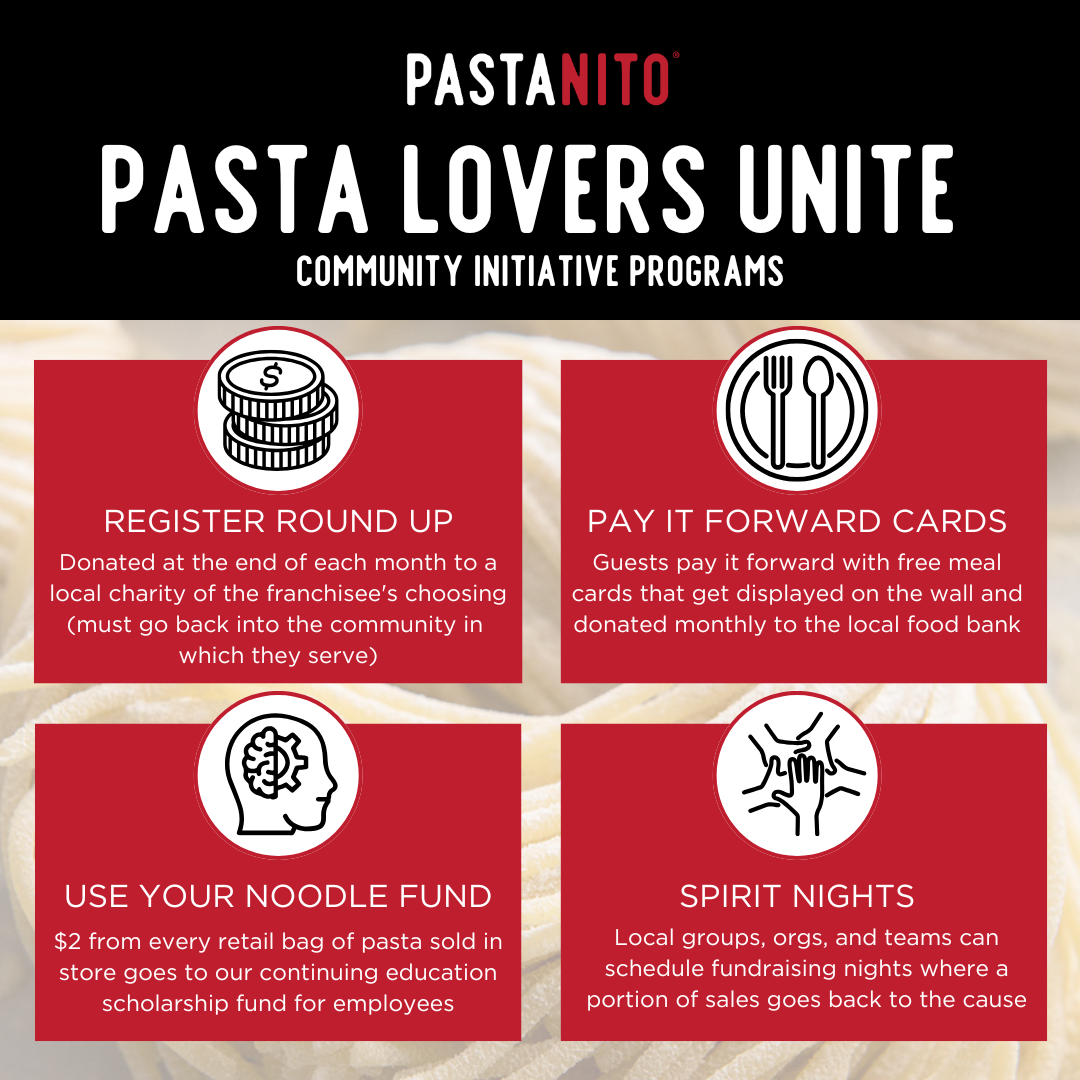 Each PastaNito location gives right back to the community in which we serve in a variety of ways. At the register, guests can round up to the nearest dollar to give to a local organization of the franchisee’s choosing (must be local). Funds are donated at the end of each month and the organizations rotate.
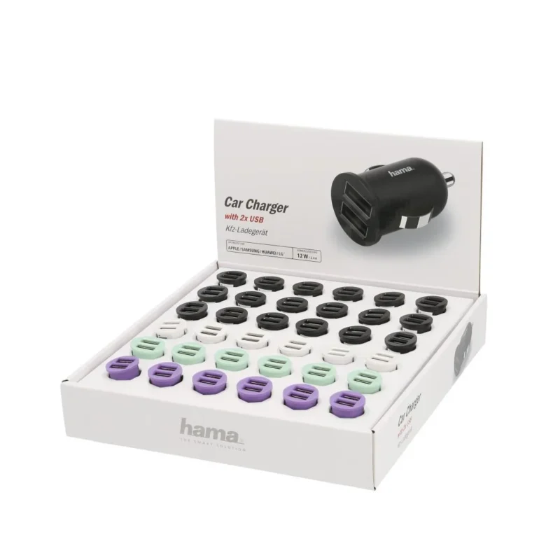 Зарядно за кола HAMA, 2 x USB, 2.4 A, Различни цветове
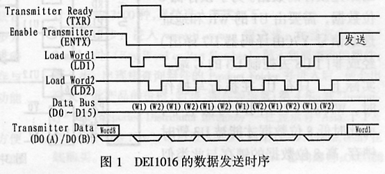 DEI1016的数据发送时序如图1所示。发送数据时,首先应查询TXR引脚是否为高电平,若是高电平,表明发送存储器已空;此时置ENTX引脚为低电平可停止发送数据,并把要发送的数据写到16位数据总线上。之后,若要发送数据字1,则置LD1为低,LD2为高;若发送数据字2,则置LD1为高,LD2为低?此时再查询TXR引脚是否为低电平,若为低电平,表明发送数据已装载到存储器中,此时再置ENTX引脚为高电平即可发送数据。DEI1016的发送存储器最多可装载8个32位字长的数据,DEI1016采用的是先进先出的发送顺序。
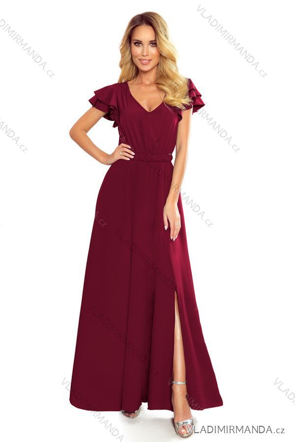 310-5 LIDIA long dress with a neckline and frills - burgundy color
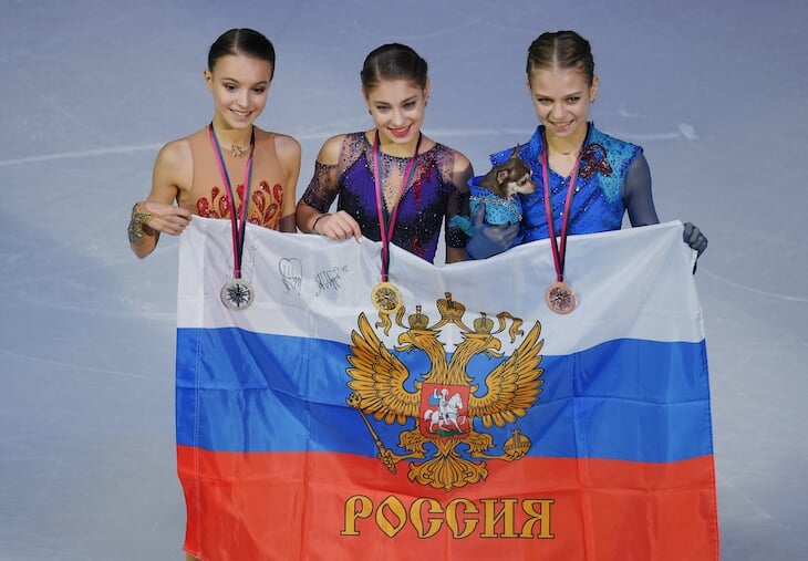 Почему Сарновская даже на фото с гораздо более старшим её тренером выглядит самой прожжённой? Почему-то когда я вижу её на фото с мужем Липницкой, я не могу отделаться от ассоциации с козлом, ведущим овец на убой. Можно было бы на секунду усомнится в распределении ролей, но их выражения лиц не оставляют никаких сомнений. Это такой мрачный, сардонический, смеющийся взгляд, как бы говорящий: "я-то, конечно, как всегда останусь невредимой, но вот вам всем пизда, бедняжки". При этом овцы явно принимают её за свою и не понимают разделяющей их пропасти.

---

Without any of its images, the data above should be returned exactly.

 Each PastaNito location gives right back to the community in which we serve in a variety of ways. At the register, guests can round up to the nearest dollar to give to a local organization of the franchisee’s choosing (must be local). Funds are donated at the end of each month and the organizations rotate.
 Зарядно за кола HAMA, 2 x USB, 2.4 A, Различни цветове
 DEI1016的数据发送时序如图1所示。发送数据时,首先应查询TXR引脚是否为高电平,若是高电平,表明发送存储器已空;此时置ENTX引脚为低电平可停止发送数据,并把要发送的数据写到16位数据总线上。之后,若要发送数据字1,则置LD1为低,LD2为高;若发送数据字2,则置LD1为高,LD2为低?此时再查询TXR引脚是否为低电平,若为低电平,表明发送数据已装载到存储器中,此时再置ENTX引脚为高电平即可发送数据。DEI1016的发送存储器最多可装载8个32位字长的数据,DEI1016采用的是先进先出的发送顺序。
 310-5 LIDIA long dress with a neckline and frills - burgundy color
 Почему Сарновская даже на фото с гораздо более старшим её тренером выглядит самой прожжённой? Почему-то когда я вижу её на фото с мужем Липницкой, я не могу отделаться от ассоциации с козлом, ведущим овец на убой. Можно было бы на секунду усомнится в распределении ролей, но их выражения лиц не оставляют никаких сомнений. Это такой мрачный, сардонический, смеющийся взгляд, как бы говорящий: "я-то, конечно, как всегда останусь невредимой, но вот вам всем пизда, бедняжки". При этом овцы явно принимают её за свою и не понимают разделяющей их пропасти.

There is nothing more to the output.